[Collected data entries]
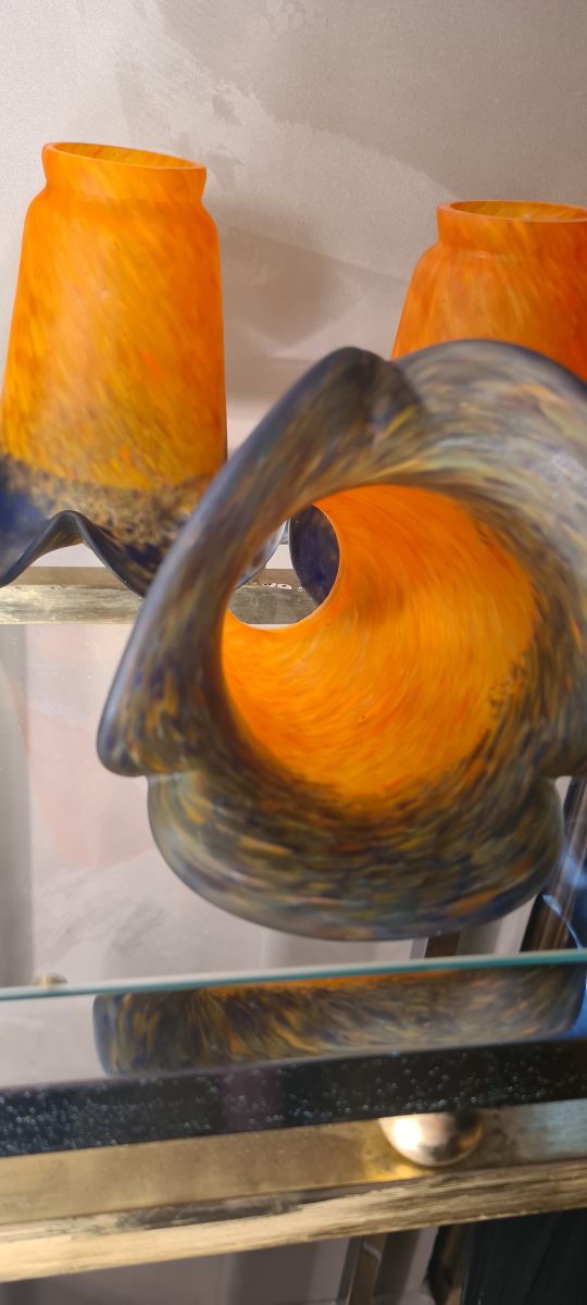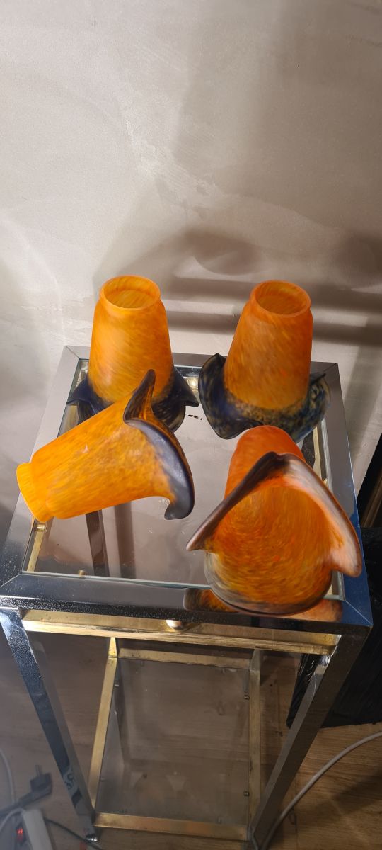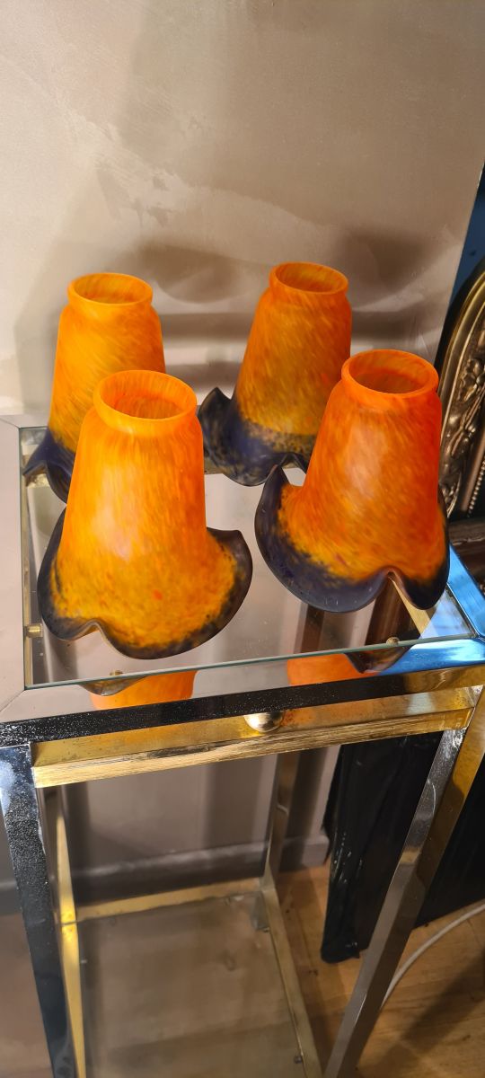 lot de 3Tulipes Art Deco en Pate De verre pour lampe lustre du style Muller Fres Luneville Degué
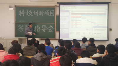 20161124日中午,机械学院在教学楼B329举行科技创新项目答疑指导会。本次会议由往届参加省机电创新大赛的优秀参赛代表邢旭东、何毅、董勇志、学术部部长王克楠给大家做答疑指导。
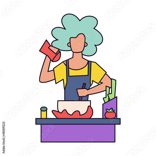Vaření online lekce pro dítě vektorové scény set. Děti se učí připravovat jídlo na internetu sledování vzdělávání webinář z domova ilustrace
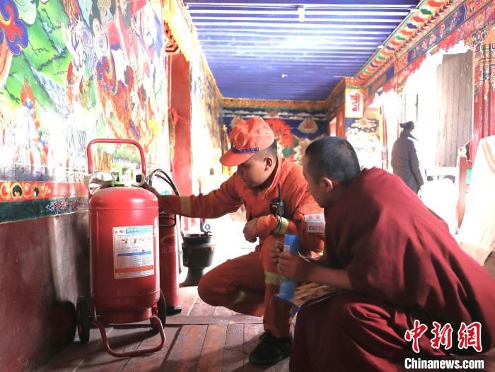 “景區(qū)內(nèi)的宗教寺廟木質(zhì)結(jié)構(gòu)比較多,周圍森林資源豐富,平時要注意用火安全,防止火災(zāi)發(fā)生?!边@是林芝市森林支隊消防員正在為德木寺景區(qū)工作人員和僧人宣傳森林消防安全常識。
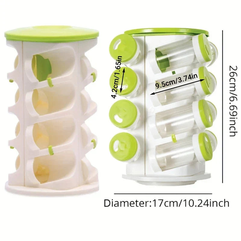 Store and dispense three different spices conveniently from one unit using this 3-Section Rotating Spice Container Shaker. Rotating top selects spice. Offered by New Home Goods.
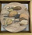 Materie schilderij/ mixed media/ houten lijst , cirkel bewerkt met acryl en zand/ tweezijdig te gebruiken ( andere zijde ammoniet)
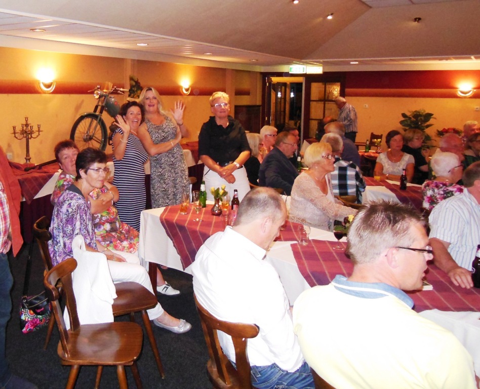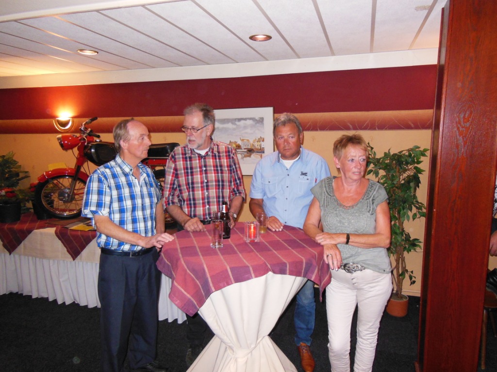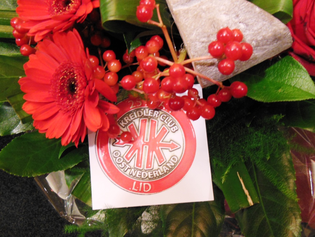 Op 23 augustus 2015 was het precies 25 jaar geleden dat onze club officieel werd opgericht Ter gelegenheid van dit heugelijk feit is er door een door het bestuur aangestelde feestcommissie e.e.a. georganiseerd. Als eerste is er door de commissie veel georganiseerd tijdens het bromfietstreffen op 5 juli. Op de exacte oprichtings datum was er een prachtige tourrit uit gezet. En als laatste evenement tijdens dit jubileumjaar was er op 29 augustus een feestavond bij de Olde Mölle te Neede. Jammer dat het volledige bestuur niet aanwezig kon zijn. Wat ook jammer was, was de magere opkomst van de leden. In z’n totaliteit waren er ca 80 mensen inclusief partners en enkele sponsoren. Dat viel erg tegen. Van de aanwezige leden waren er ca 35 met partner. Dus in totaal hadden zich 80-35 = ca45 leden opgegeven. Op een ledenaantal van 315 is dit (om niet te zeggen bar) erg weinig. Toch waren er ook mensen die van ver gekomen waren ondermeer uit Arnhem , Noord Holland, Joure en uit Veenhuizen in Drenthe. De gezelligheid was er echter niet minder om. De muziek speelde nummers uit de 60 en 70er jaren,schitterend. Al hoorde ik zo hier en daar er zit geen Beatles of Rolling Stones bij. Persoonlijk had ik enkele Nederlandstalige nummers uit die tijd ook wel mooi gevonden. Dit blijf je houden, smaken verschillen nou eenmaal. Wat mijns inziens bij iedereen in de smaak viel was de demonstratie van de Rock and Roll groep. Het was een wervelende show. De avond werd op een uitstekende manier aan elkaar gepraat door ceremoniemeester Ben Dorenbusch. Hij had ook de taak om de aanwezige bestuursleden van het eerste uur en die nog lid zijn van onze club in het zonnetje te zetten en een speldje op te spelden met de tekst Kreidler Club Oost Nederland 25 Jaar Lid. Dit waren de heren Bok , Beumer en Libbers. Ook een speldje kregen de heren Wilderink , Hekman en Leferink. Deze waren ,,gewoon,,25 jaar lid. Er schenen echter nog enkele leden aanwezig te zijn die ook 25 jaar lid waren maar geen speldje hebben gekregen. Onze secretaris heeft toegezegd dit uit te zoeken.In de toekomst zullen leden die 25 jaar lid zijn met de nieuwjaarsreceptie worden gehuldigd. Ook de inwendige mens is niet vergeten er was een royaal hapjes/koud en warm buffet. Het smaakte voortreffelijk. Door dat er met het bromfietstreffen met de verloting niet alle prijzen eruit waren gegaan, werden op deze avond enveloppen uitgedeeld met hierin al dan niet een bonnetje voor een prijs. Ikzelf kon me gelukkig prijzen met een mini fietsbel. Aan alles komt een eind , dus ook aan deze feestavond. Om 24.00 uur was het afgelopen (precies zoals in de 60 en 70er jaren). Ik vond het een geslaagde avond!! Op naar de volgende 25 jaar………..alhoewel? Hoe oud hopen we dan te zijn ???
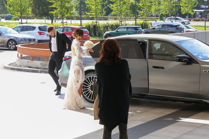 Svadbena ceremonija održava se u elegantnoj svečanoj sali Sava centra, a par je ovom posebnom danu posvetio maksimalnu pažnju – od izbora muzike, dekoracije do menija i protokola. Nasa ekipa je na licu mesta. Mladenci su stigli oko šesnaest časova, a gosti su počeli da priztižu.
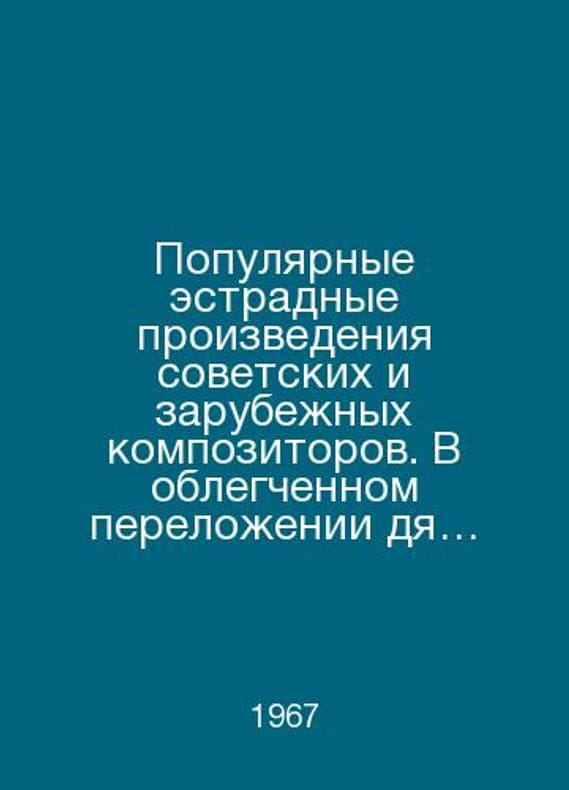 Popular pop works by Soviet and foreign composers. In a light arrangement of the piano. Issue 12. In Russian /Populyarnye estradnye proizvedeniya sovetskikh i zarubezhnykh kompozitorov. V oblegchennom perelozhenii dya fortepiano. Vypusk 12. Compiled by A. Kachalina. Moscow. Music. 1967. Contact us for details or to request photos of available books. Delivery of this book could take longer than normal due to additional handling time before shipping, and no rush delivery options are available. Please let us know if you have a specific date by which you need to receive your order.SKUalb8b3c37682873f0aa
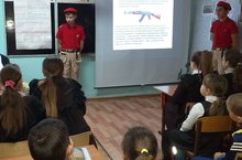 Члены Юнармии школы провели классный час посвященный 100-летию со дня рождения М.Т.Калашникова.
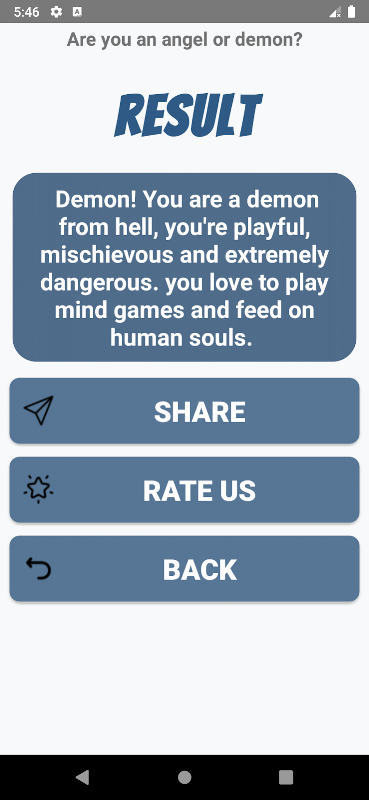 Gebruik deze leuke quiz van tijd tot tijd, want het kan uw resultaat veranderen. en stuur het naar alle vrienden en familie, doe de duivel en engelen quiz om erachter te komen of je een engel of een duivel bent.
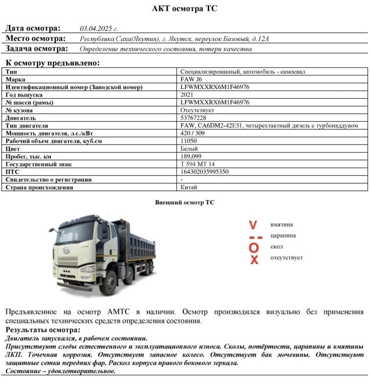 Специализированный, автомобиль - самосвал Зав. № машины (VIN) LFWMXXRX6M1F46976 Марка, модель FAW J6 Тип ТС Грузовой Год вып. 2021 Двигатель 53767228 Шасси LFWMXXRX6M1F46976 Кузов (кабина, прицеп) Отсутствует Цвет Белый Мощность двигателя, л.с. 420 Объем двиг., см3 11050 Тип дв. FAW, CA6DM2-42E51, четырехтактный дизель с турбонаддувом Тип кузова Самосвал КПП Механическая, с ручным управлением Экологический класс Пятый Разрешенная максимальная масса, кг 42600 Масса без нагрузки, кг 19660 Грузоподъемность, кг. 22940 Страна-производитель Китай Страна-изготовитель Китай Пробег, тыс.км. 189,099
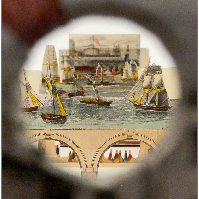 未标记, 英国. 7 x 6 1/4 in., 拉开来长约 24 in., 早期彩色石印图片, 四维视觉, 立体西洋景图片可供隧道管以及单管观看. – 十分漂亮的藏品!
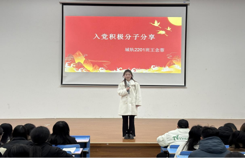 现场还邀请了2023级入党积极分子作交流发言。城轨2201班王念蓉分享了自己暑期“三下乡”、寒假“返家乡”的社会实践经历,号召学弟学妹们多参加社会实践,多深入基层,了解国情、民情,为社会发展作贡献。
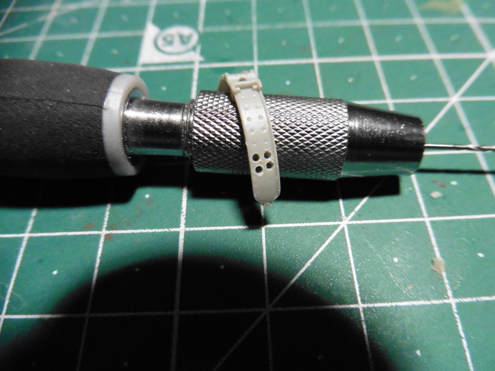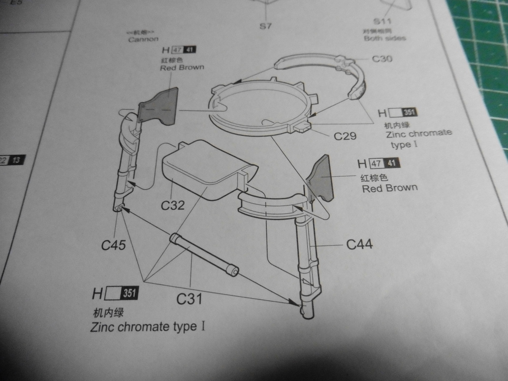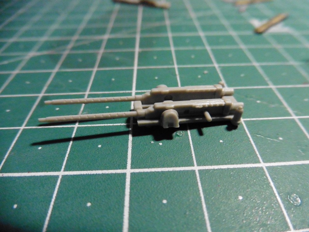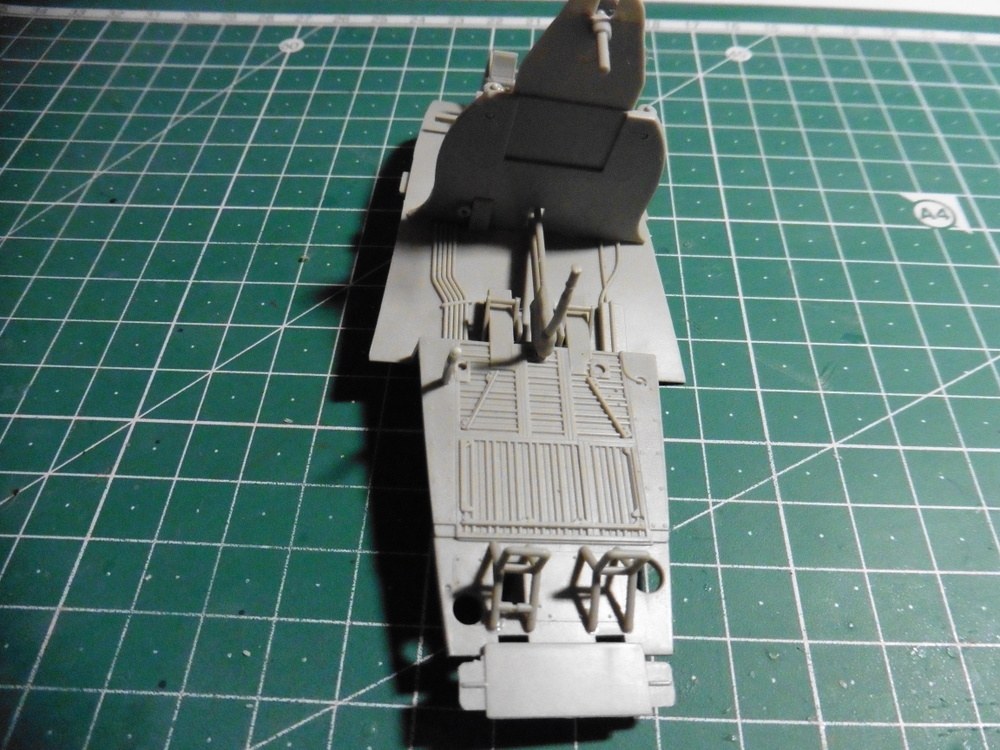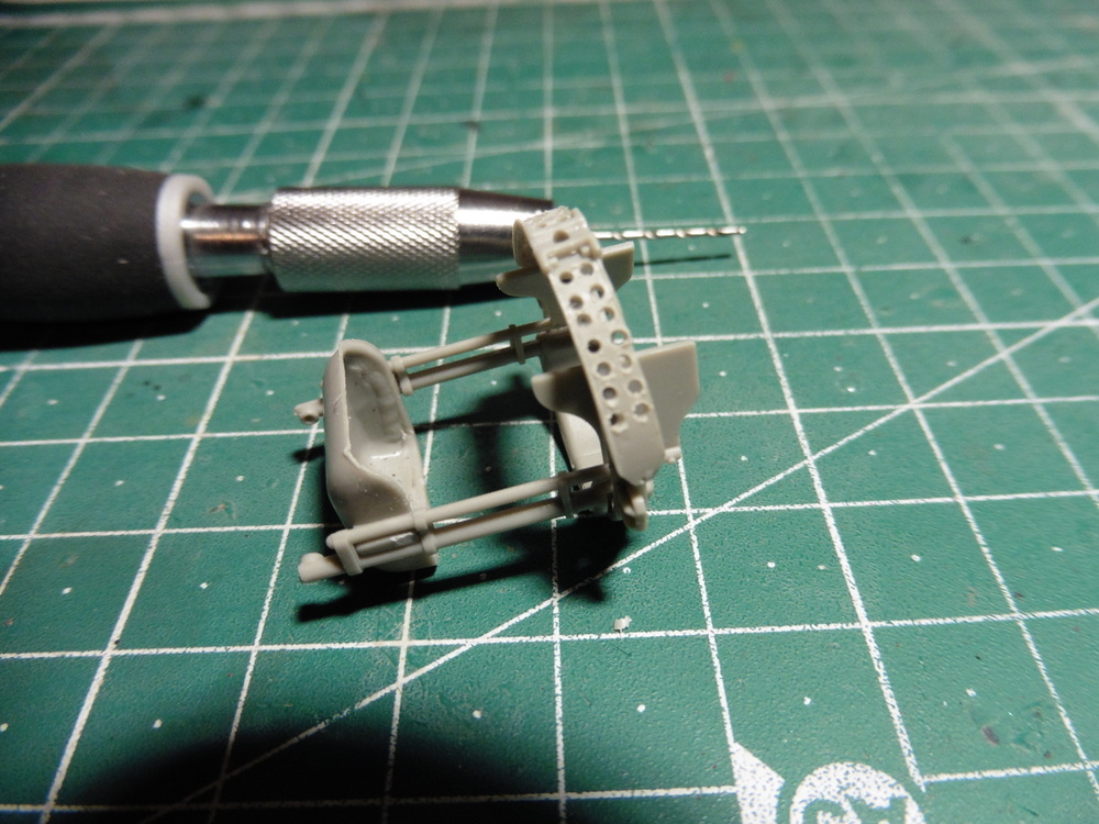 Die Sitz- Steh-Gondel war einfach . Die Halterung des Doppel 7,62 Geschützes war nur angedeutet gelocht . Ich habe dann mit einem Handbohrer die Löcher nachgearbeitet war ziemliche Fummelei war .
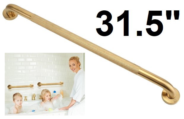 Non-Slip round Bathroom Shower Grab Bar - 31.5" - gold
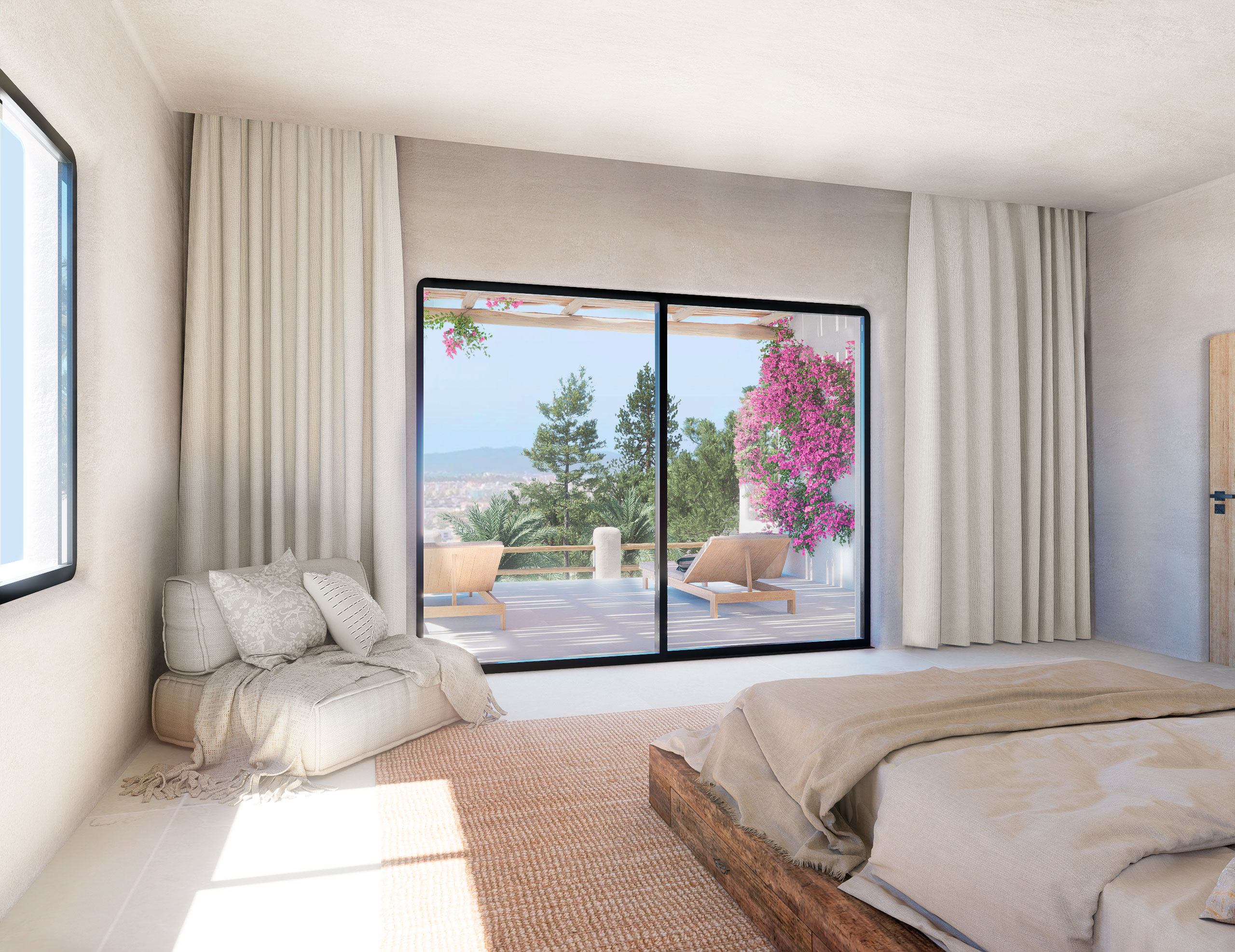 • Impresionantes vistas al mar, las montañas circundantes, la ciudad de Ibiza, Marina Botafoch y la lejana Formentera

--- YOUR GOAL ---
Take the line that contains "未标记, 英国. 7 x" and every line after it up to the end of the records above, and restate them exactly, without the pictures.

--- EXERCISE RESULT ---
 未标记, 英国. 7 x 6 1/4 in., 拉开来长约 24 in., 早期彩色石印图片, 四维视觉, 立体西洋景图片可供隧道管以及单管观看. – 十分漂亮的藏品!
 现场还邀请了2023级入党积极分子作交流发言。城轨2201班王念蓉分享了自己暑期“三下乡”、寒假“返家乡”的社会实践经历,号召学弟学妹们多参加社会实践,多深入基层,了解国情、民情,为社会发展作贡献。
 Die Sitz- Steh-Gondel war einfach . Die Halterung des Doppel 7,62 Geschützes war nur angedeutet gelocht . Ich habe dann mit einem Handbohrer die Löcher nachgearbeitet war ziemliche Fummelei war .
 Non-Slip round Bathroom Shower Grab Bar - 31.5" - gold
 • Impresionantes vistas al mar, las montañas circundantes, la ciudad de Ibiza, Marina Botafoch y la lejana Formentera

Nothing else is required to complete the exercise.